Overview
Presence’s Kanga platform has been a central tool for Professor Tiffany Gaines across all of her various roles, providing her with powerful new tools to serve all her students effectively and help them to succeed.
Challenge
In Fall of 2021, Professor Tiffany Gaines was faced with the challenge of having to teach diagnostic methodology in a hybrid format to a mix of undergraduate and graduate Speech Pathology students. Not only was it difficult to integrate traditional paper protocols and manuals, but she soon realized that her students would face similar challenges when they entered the workforce.
As a result of the pandemic, Professor Gaines was faced with a new challenge at her university: effectively teaching her undergraduate and graduate students who were learning in dispersed ways—some in-person, some virtual, and some in a hybrid setting.
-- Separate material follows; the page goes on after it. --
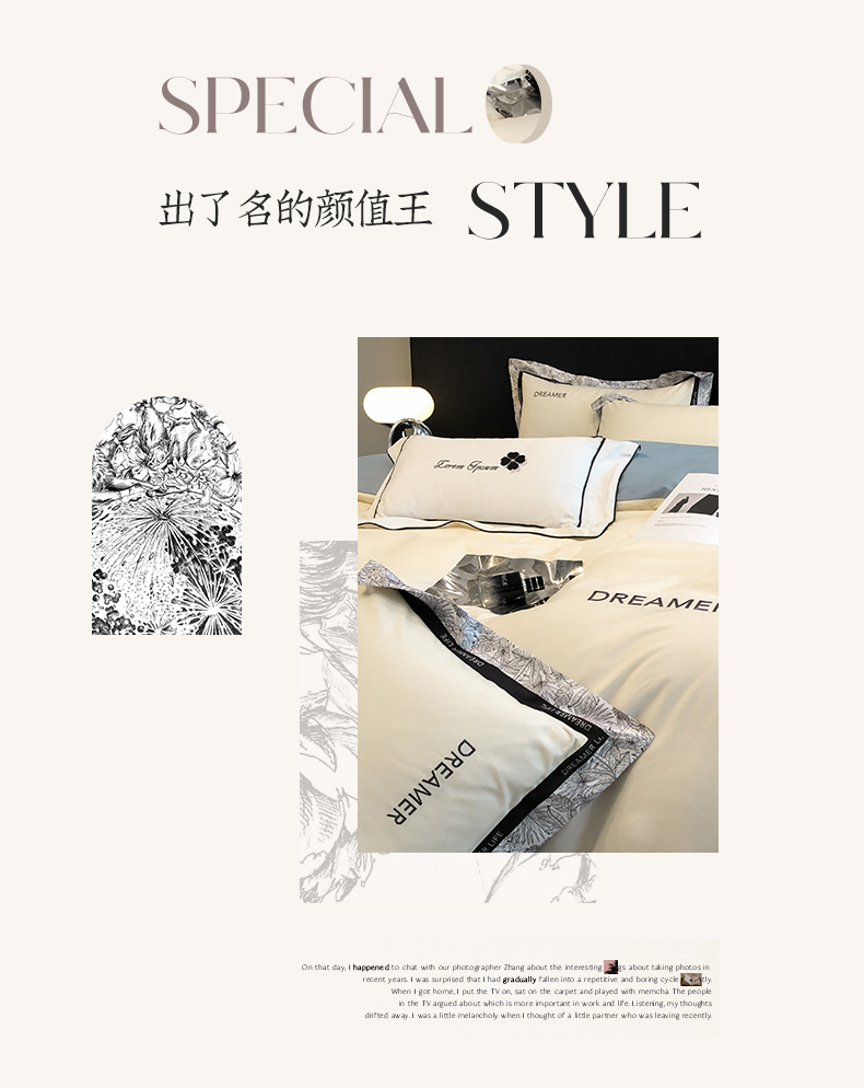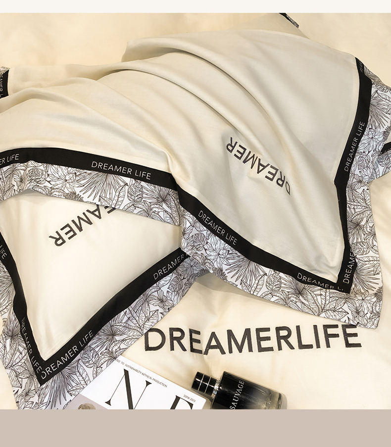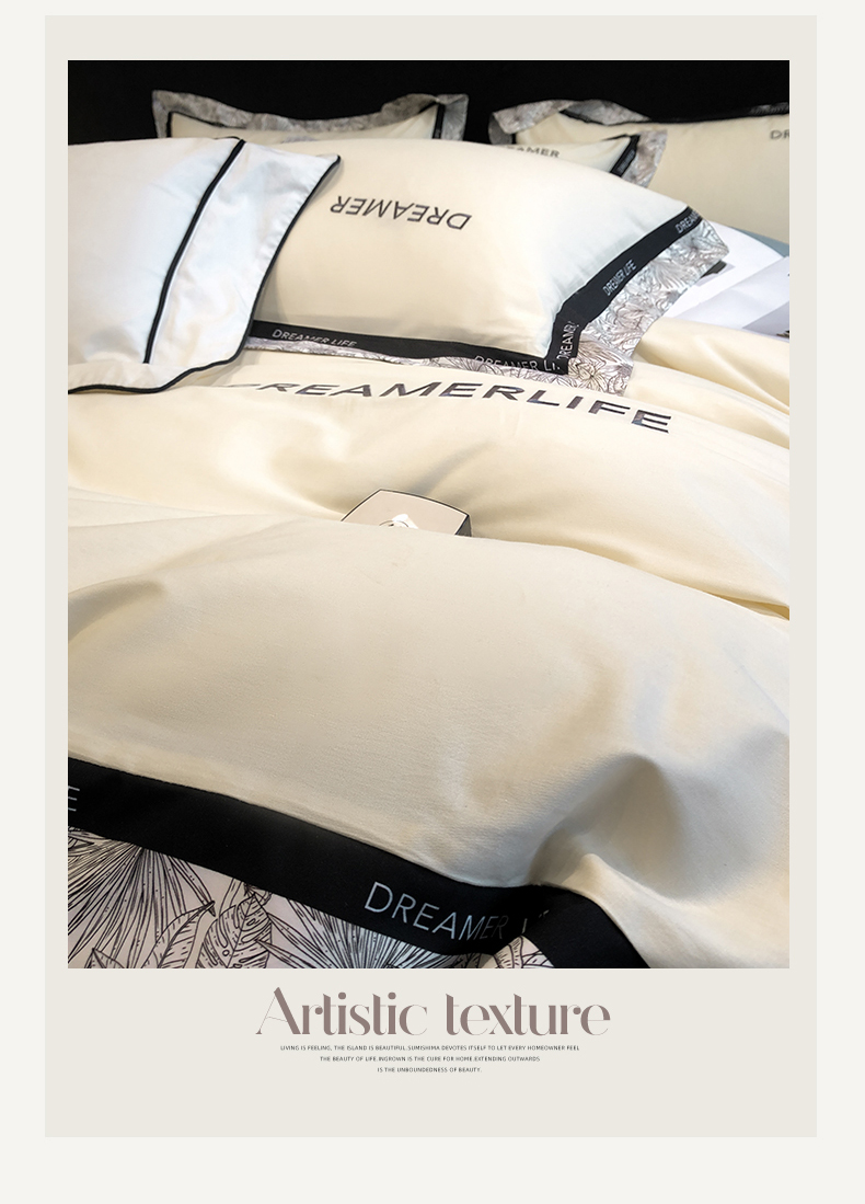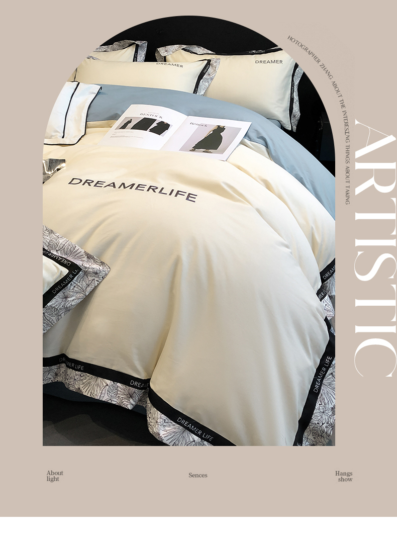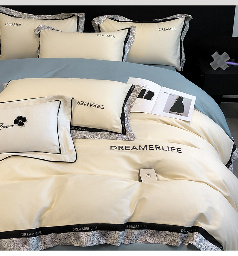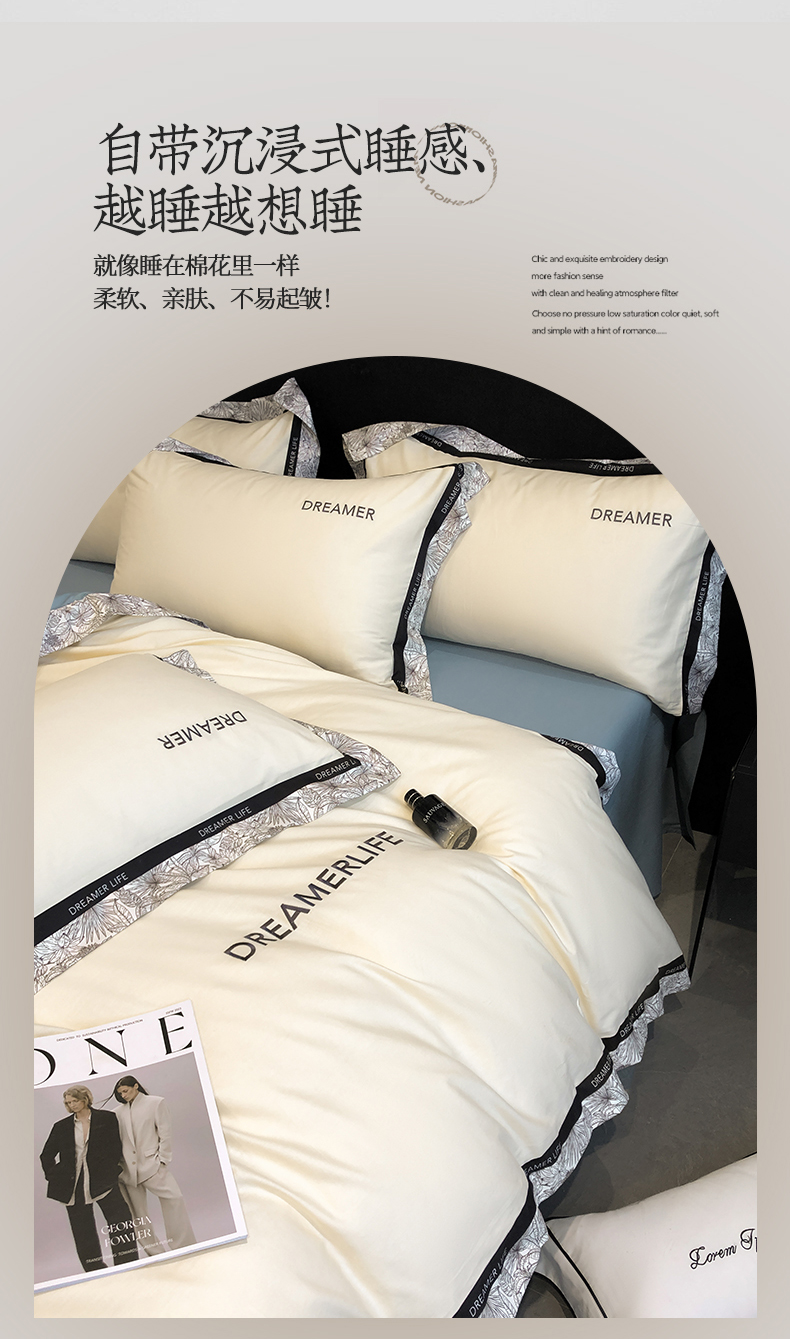 眷恋家纺 2024新款全棉数码拼接刺绣四件套 奶昔白+海清

She needed better tools to teach and deliver diagnostics. She also needed to better prepare her students for a future that likely would include hybrid work environments.
Solution
Professor Gaines was familiar with Presence’s Kanga platform. As a school-based provider, she had administered many assessments on the platform and understood that it replaced the need for traditional easel and instructional manuals.
She purchased an independent license for Kanga and began using it in her classroom to demonstrate how the platform could be used to do remote evaluations and administer assessments. Her students were able to role-play as clinicians and as students, similar to real life scenarios. Students were also able to practice the diagnostic skills they were learning in the classroom, increasing their understanding, application, and compliance with protocols.
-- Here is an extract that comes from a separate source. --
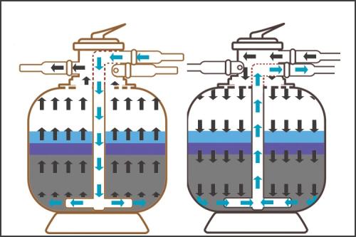 4.随着正常过滤的时间增加,滤饼会逐渐增厚,过滤阻力逐步增加。直观的表现就是过滤器的压力表读数增加,当压力增加到正常压力的30%时,(如正常的压力为1.0kg/cm⊃2;,当压力达到1.3kg/cm⊃2;),就需要进行清洗过滤器。把缸头控制器上的手柄推向倒冲洗,水流便由过滤主管进入,经缸底的过滤管排出,水流从底部向上升,把砂层内的污物排出,之后把控制器推向清洗管内之污物从砂缸排出。时间大约为半分钟到1分钟后,把手柄推向回复正常过滤。(注意:转换阀门或者缸头控制位置时,要先关掉水泵电源)

Kanga allowed Professor Gaines to introduce a more practical and immersive learning experience for her students.
Results
Her undergraduate and graduate students learned a new modality while integrating activities they were familiar with from a traditional school-based setting.
The ease of having instruction and practice delivery on one comprehensive platform reduced the strain on limited clinical supplies. According to Professor Gaines, the students love Kanga.
Moving forward, Professor Gaines plans to continue incorporating the Kanga platform into her instruction and she believes that many of her students, including her peers, will benefit from leveraging Kanga as they return to in-person instruction, assessment, and therapy delivery.